Variables in the dataset include:

  - age: age in years

  - gender: gender of participant, recorded as either female or male
  
  - grade: grade in high school (9-12)
  
  - height: height, in meters (1 m = 3.28 ft)
  
  - weight: weight, in kilograms (1 kg = 2.2 lbs)
  
  - helmet.12m: frequency that the student wore a helmet while biking in the last 12 months, either always, most of time, sometimes, rarely, never, or did not ride
  
  - physically.active.7d: number of days physically active for 60+ minutes in the last 7 days
  
  - strength.training.7d: number of days of strength training in the last 7 days

  
The CDC used the responses from the 13,572 students to estimate the health behaviors of the target population: the 21.2 million high school aged students in the US in 2013. 


Recall from the previous excersice, we can take a random sample of size 10 from `yrbss' as follows:

In [2]:
require(oibiostat)
data(yrbss)
require(dplyr)
set.seed(5011) 
yrbss.sample = sample_n(yrbss, size=10)
yrbss.sample

Unnamed: 0,age,gender,grade,hispanic,race,height,weight,helmet.12m,text.while.driving.30d,physically.active.7d,hours.tv.per.school.day,strength.training.7d,school.night.hours.sleep
7516,15,female,9,not,White,1.7,65.77,never,0,2,<1,0,8
10731,16,female,11,hispanic,,1.57,60.78,never,,5,do not watch,5,6
3541,17,female,10,not,White,1.65,72.58,did not ride,did not drive,0,,0,<5
11356,16,female,11,hispanic,Asian,1.7,66.68,never,,1,3,3,6
11849,17,female,12,not,White,1.68,46.27,sometimes,1-2,7,2,7,
6411,17,female,12,not,,1.52,68.04,never,30,0,5+,0,7
10405,17,female,11,not,Black or African American,1.75,93.9,did not ride,did not drive,0,<1,0,6
11864,18,male,12,not,White,1.47,63.5,never,20-29,7,2,5,6
3664,18,male,12,not,White,1.7,75.75,did not ride,0,0,1,2,6
2881,14,female,9,not,White,1.68,68.04,never,0,4,2,5,8


#### Problem 1:

A confidence interval is calculated from four quantities: the sample mean $\overline{x}$, the sample standard deviation $s$, the sample size $n$, and $t^{\star}$.

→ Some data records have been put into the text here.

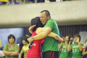決勝戦では古市雅子(東京・稲付)に何もさせずにフォール勝ち。古市は柔道出身でレスリング歴はわずか1年2ヶ月の新人選手だが、JOCの管轄でエリート教育を受けている選手。そんな古市をズバッとフォールで下したことは、鈴木にとってうれしかったに違いない。優勝を決めると、今村直樹監督に駆け寄って涙を流しながら抱きついた(右写真)。
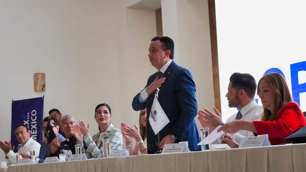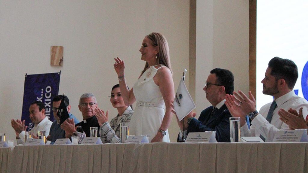 “Seguiremos insistiendo”, dice, y su voz no titubea, “porque estamos convencidos que la colaboración público y privada es la base para generar inversión, empleo y bienestar”. Y entonces, la demanda: “Es el momento que el gobierno confíe y apueste también por los empresarios locales”. Es un reclamo envuelto en seda. Un “aquí estamos, invirtiendo, generando empleo, úsennos”. Llama a los suyos a no ser “espectadores”, sino “protagonistas”. Habla de casi 55 años de Coparmex en el estado, de no limitarse a “producir”, sino a “participar”.
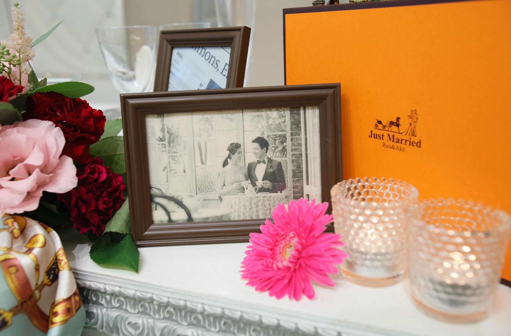 箱やお写真スカーフも装飾に♪ メインテーブルの装飾とご新郎様のネクタイ、ご新婦様のヘアアクセサリー全てがマッチング♪
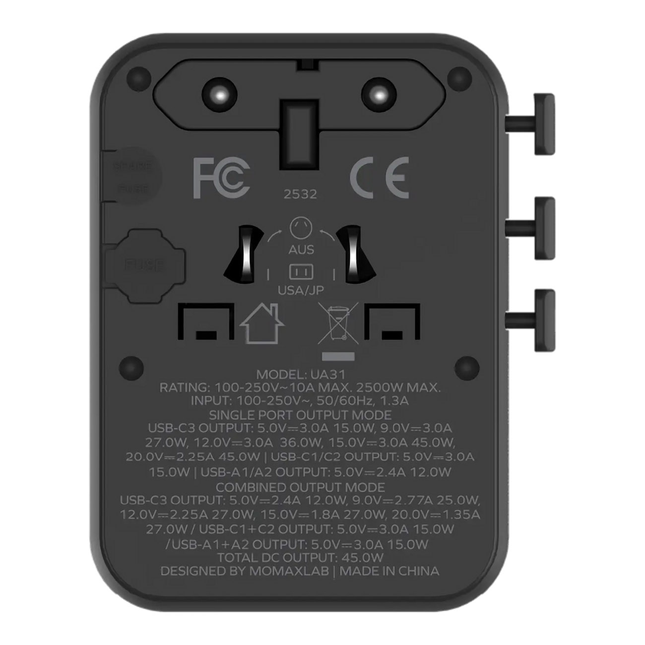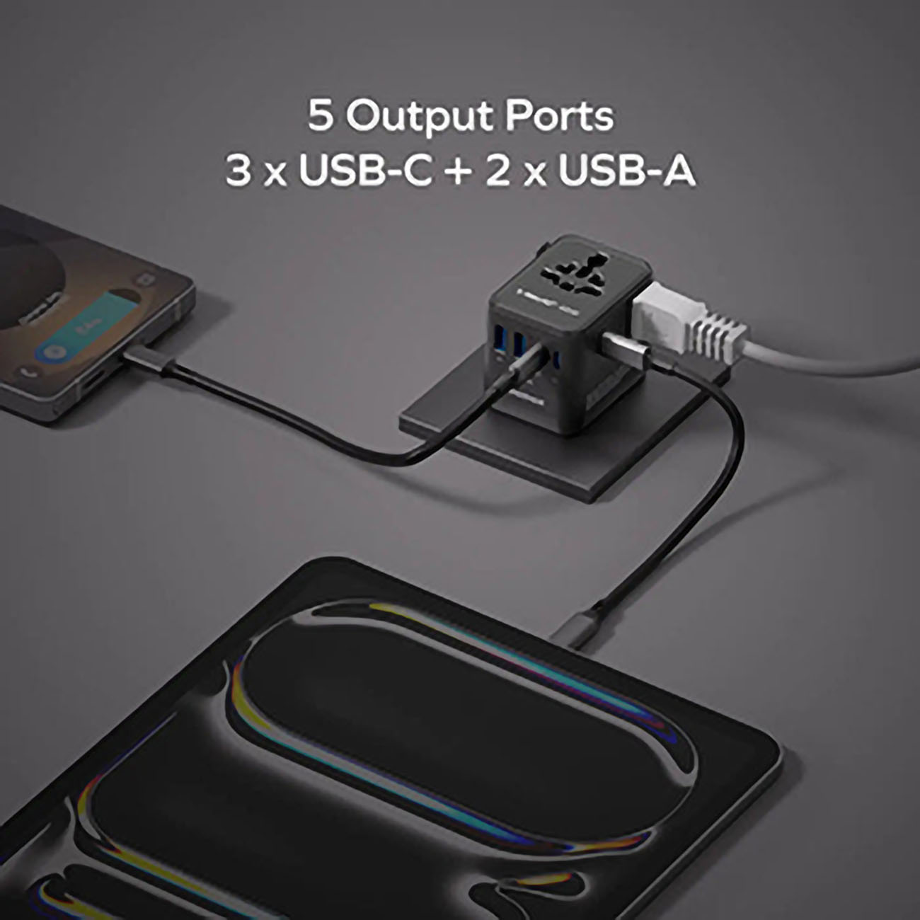 Uses GaN technology for fast charging with 45W power output. Equipped with 5 versatile ports:
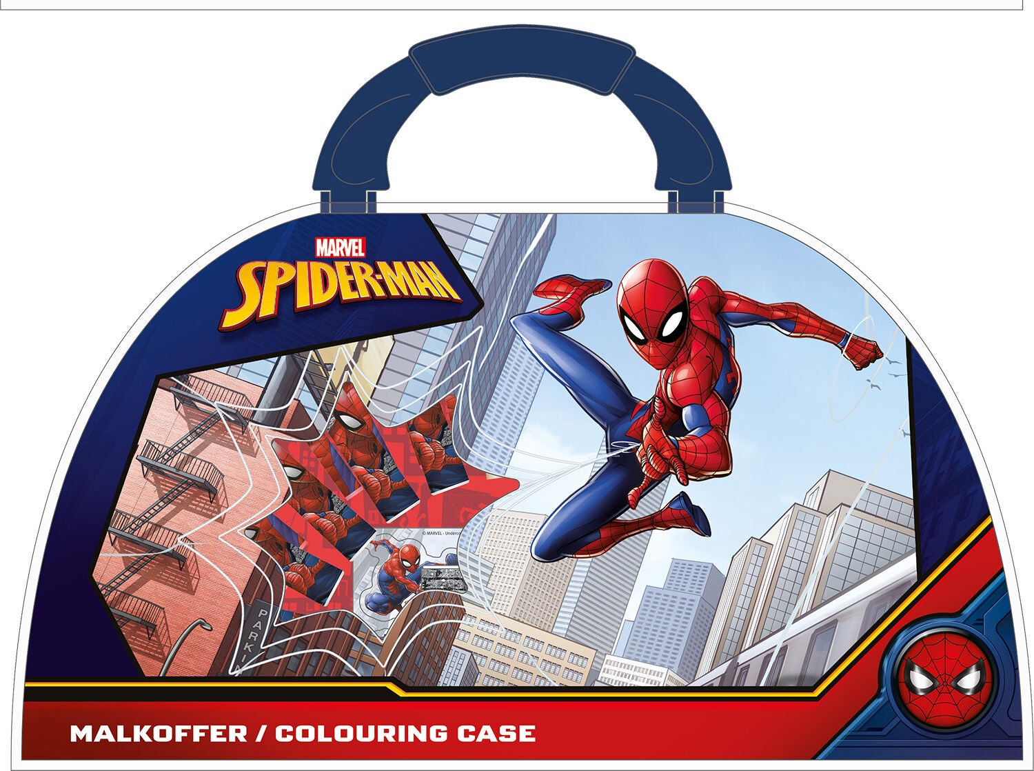 Spider-man malesæt fra UnderCover med et velkendt motiv. Det har et praktisk håndtag, så du kan tage den med hvor som helst. Malesættet indeholder 51 dele med forskellige farver og tilbehør. Perfekt til kreative aktiviteter. CE-mærket. Sættet indeholder 12 farveblyanter, 6 tusser, 24 farvekridt, viskelæder, 2 miniblyanter, blyantspidser, 4 plakater, 1 klistermærkeark. Anbefalet alder: Fra 3 år.
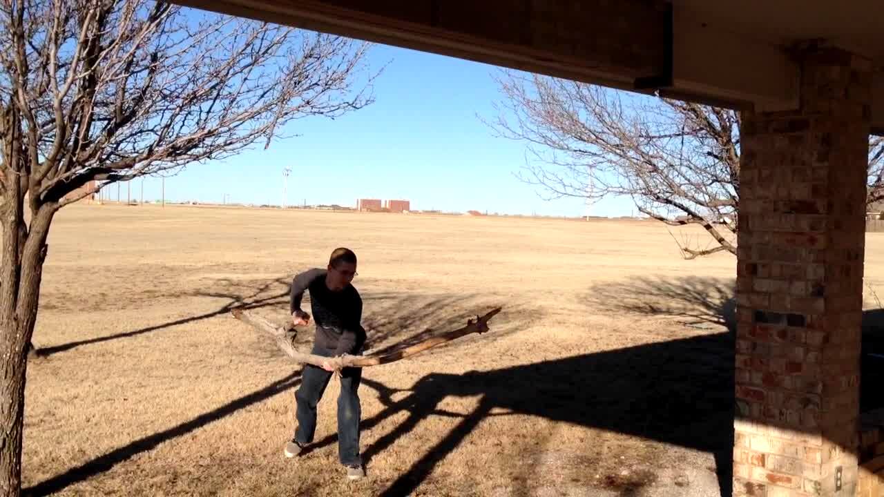 A man runs at a slab of plywood with a large stick. He pokes the plywood and drops the stick, but as he walks away, the plywood wobbles and falls on his head. Bonehead
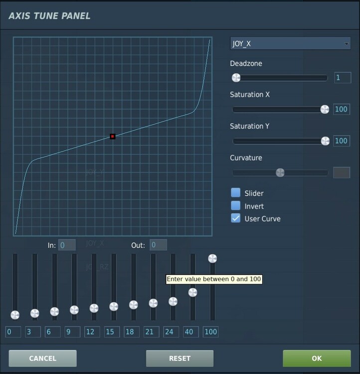 I suggest you use the "User curve" setting. Start at 0 for the left most band, and increase the value band by band by 2 (or 3 on my attachment) as you go step by step to the right. The last slider (on the right) should be on 100%, and the next to last one should be tried and set with the slider so that the curve is smooth where it bends upwards. If still not enough "dampened", try 2 for increment (0, 2, 4, etc.) instead of 3, like on my pic below. By the way you don't have to fiddle around with the sliders, you can click into the fields below and write in the numbers with the keyboard directly. With this method you maximize the length of shallow part, but on the edges of the movement range you still can achieve maximum/original slew speed for both the FCR as well as on the SA page, for quick/coarse slew. You can play with the deadzone too, with a Deadzone of "1" I just wanted to avoid the cursor being moved inadvertantly when depressing TDC to designate something. If it's not enough, you can try 2 or 3. (However I do have the TDC slew upgrade on my TM HW Throttle ( click here to see ), not the pretty much useless original "nipple"...) Setting 20 for deadzone seems a bit overkill for me, you pretty much loose the rather fine middle part of the TDC movement in my opinion.
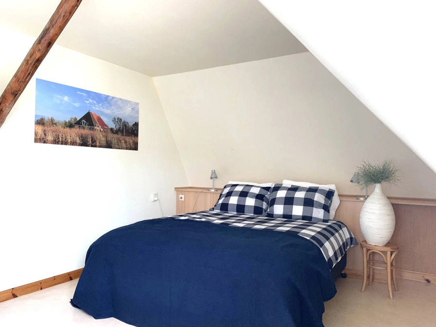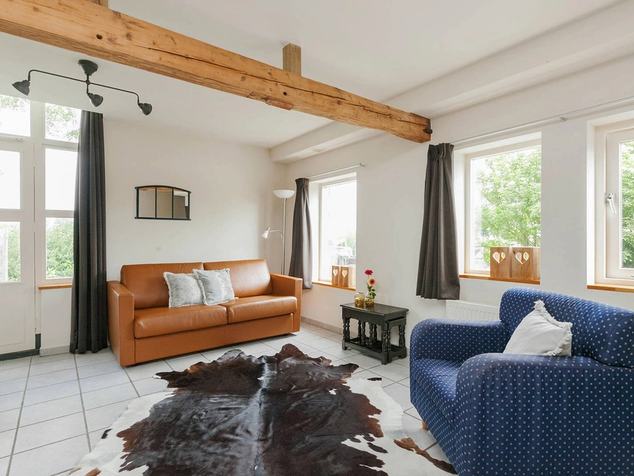 This cozy house is suitable for 5 to 7 people. There is a large living and dining area where the kitchen is located. This kitchen is fully equipped, with a gas stove, refrigerator and dishwasher. The house is located in a part of a former farm and is located on the water, so you have a beautiful view! On the first floor there are two bedrooms (including 1 box bed), as well as a bathroom with shower and toilet. Additional guests can sleep on the sofa bed in the living room. In addition to the bathroom on the first floor, there is an extra toilet on the ground floor.

a) Calculate $\overline{x}_{weight}$ and $s_{weight}$, the mean and standard deviation of weight in the sample. 


  b) For a 95% confidence interval, $t^{\star}$ is the point on a $t$ distribution with $n - 1$ degrees of freedom that has area 0.975 to the left. Calculate the value of $t^\star$ for a 95% confidence interval that has degrees of freedom $10 - 1 = 9$. 



c) Calculate a 95% confidence interval for the true mean weight and interpret this interval.

$$\left( \overline{x} - \dfrac{s}{\sqrt{n}} t^{\star}, \text{ } \overline{x} + \dfrac{s}{\sqrt{n}} t^{\star} \right)$$


#### Problem 2:

In general, for a confidence interval of $(1 - \alpha)(100)\%$, $t^{\star}$ is the point on a $t$ distribution with $n - 1$ degrees of freedom that has area $1 - (\alpha / 2)$ to the left. For a 95% confidence interval, $\alpha = 0.05$; $t^\star$ is the point on a $t$ distribution with area $1 - (0.05/2) = 0.975$ to the left.

a) Calculate a 90% confidence interval based on the sample weights.

b) Calculate a 99% confidence interval based on the sample weights.

c) Compare the 95% confidence interval calculated in part a) to the 90% and 99% confidence intervals. Describe the relationship between confidence level and the width of the interval. 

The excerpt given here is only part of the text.